Not all users interact visually. Selecting interactive elements through accessible labels, not based on visual appearance, is a better practice imo. I want important parts of the DOM that are critical to building a correct accessibility tree to be a part of the test, and to fail the test if we change something that makes the accessibility tree incorrect. Because that is the API for assistive technology and it communicates the user interface for lots of people. "Correct behavior" of an app or website includes "the accessibility tree accurately reflects the structure and nature of the content" and "form fields are labelled correctly". I might be in the minority in thinking that, but I believe it 100%.
Nothing I've seen so far (including the post you linked) suggests that the OCR-like approach can tell us anything about the accessibility tree.
The post does make a similar point to mine:
> If your app changes visually, your test will fail. This is of course a tradeoff and a conscious decision to couple your tests to your UI instead of your code, but the upsides bring much more value than that the downsides take away.
I disagree on the tradeoff. I can run screenshot diffs etc to catch unexpected UI changes, they are a little noisy, but I'm ok with that tradeoff because I care about more than just the visual appearance of the app.
A "visually correct" app with click handlers on divs and no semantic HTML is a liability (legally, maintenance wise, etc).. I'd like the E2E testing tool to assert that the app is working correctly, which does mean some assertions about the DOM are appropriate to me. I agree with the author of the linked post that "we want a solution that is not brittle in unwanted ways." We can be selective about what DOM things are important.
In the linked post the author says "In particular, DOM tests are tightly coupled to the structure of your code." and gives an example about a Selenium test that uses a brittle xpath that depends on a specific DOM structure.

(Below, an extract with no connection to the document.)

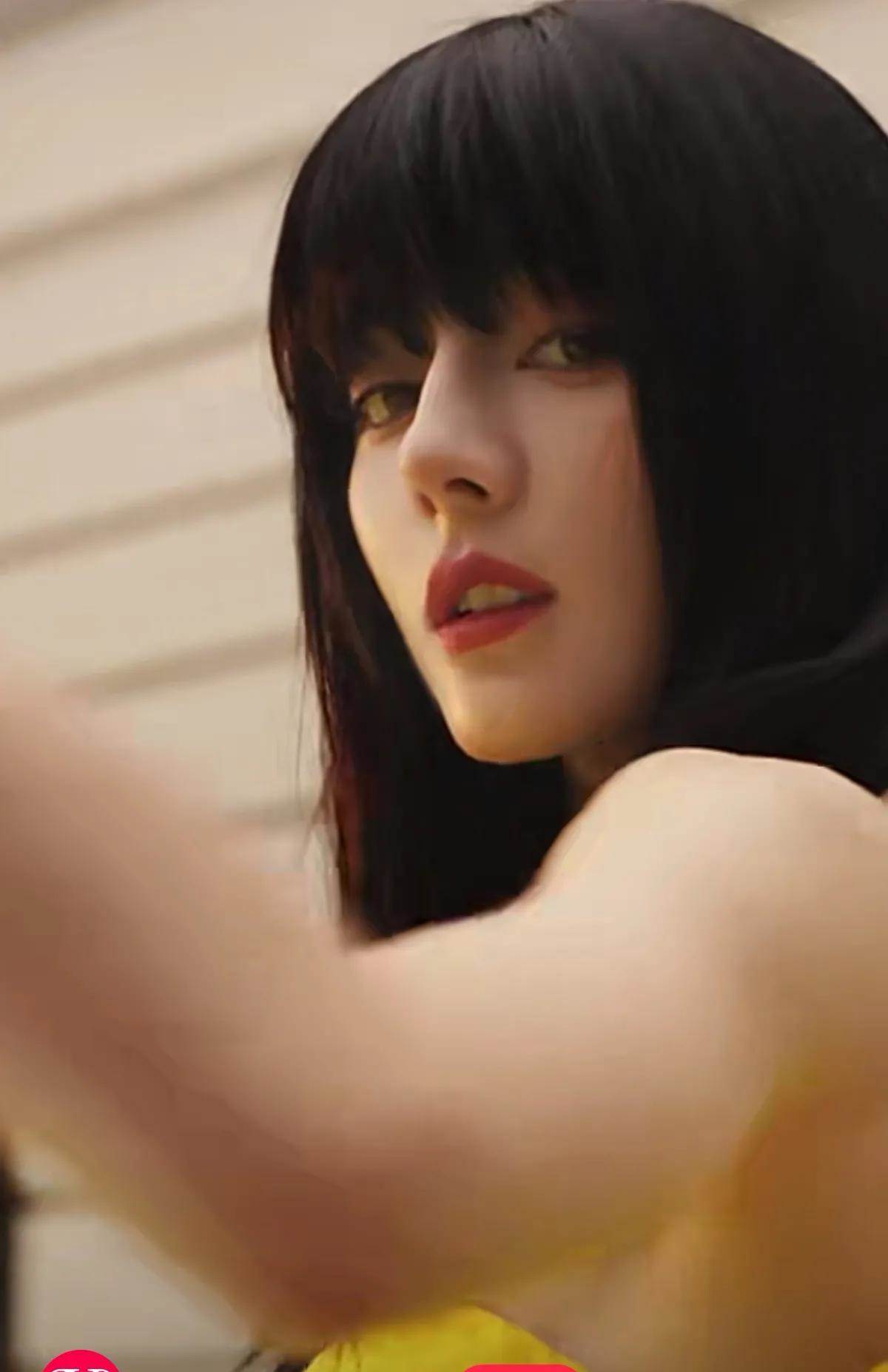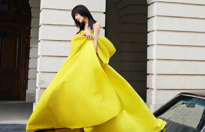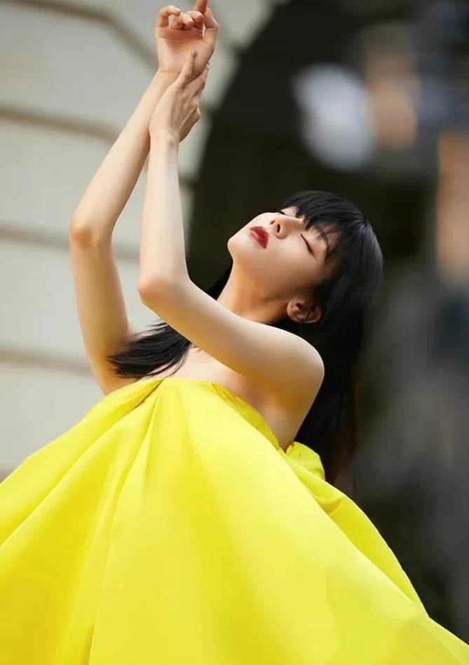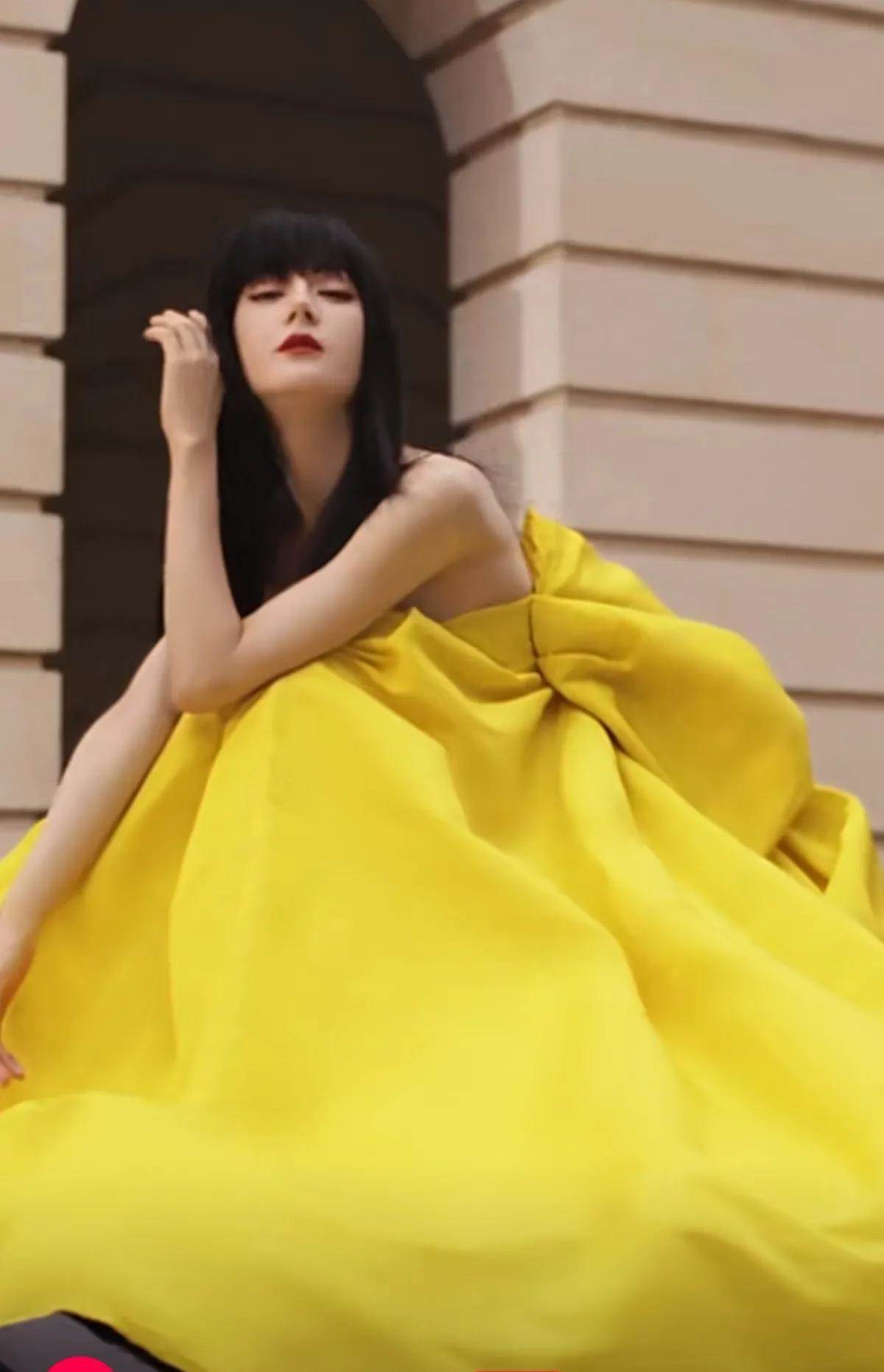 迪麗熱巴代言某奢侈品牌香水,她穿著一件明亮的檸檬黃抹胸長裙,露出纖細的胳膊,一頭黑色長直發,還剪了齊劉海,鮮艷的裙子和冷艷的妝發造型,形成鮮明的對比。
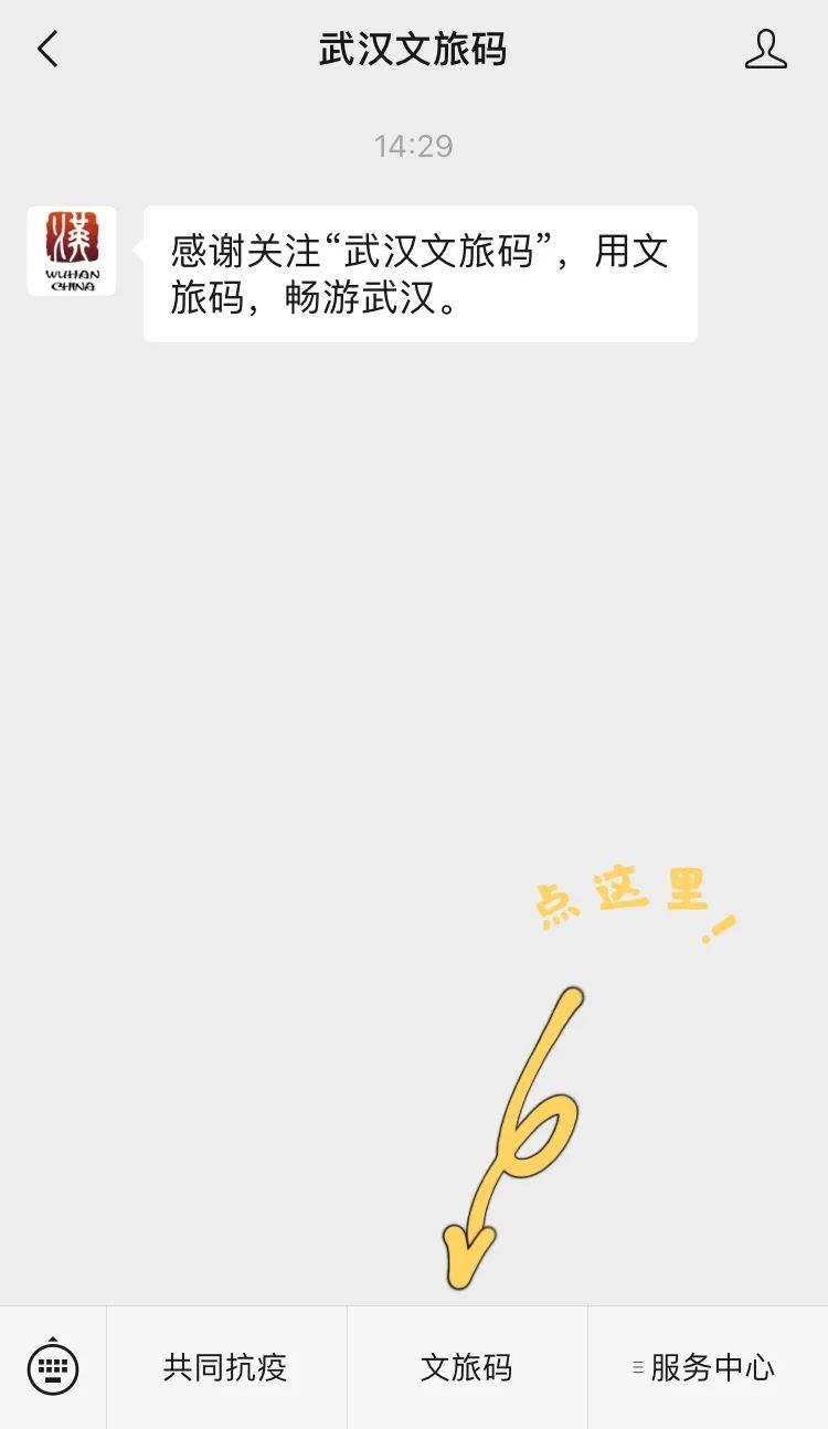 方法三:搜索并关注“武汉文旅码”微信公众号,点击下方菜单的“文旅码”,进入小程序。

Maybe I have not been exposed to enough of the industry to know that there are thousands of setups relying on flaky xpaths to target elements for testing. To me, it is not true that DOM tests are tightly couple to the structure of your code by default. It's a false statement made for marketing purposes and it is gross.
DOM tests "can be flaky", "are sometimes coupled to DOM structure" or whatever, is a fair assertion, but flakiness in DOM-driven testing is not a fact, it's a sign of badly written DOM-based tests. This is often the first thing I address in a code review of new tests written by somebody who does not write lots of FE test code, and they easily learn how to avoid it.
Maybe I'm wrong but it seems really really basic stuff to not create brittle selectors that fail tests for reasons we don't care about.
I like the OS-level interaction and agree that provides some advantages. I totally disagree that these advantages mean your solution wins at the "best way" to test, but it does clearly cover a different surface area than other automated solutions for E2E testing, and it seems like tests are pretty quick to knock out.
This solution could be a complement to other automated E2E tests, and I would see no reason that a PM or other party couldn't spin up and maintain some tests this way as quick-to-create set of tests to run against various builds, knowing that design changes will break them but that this is OK cause in theory it is quick to rewrite them.
But I couldn't see using this tool as the only E2E testing solution as though it is a superset of what Cypress/Selenium/Whatever tests are capable of. It is actually not a competitor with those tools. It's addresses different concerns with a little bit of overlap.
I'm happy to check out the free trial and see if I'm missing something, and eat crow if I'm being unfair here.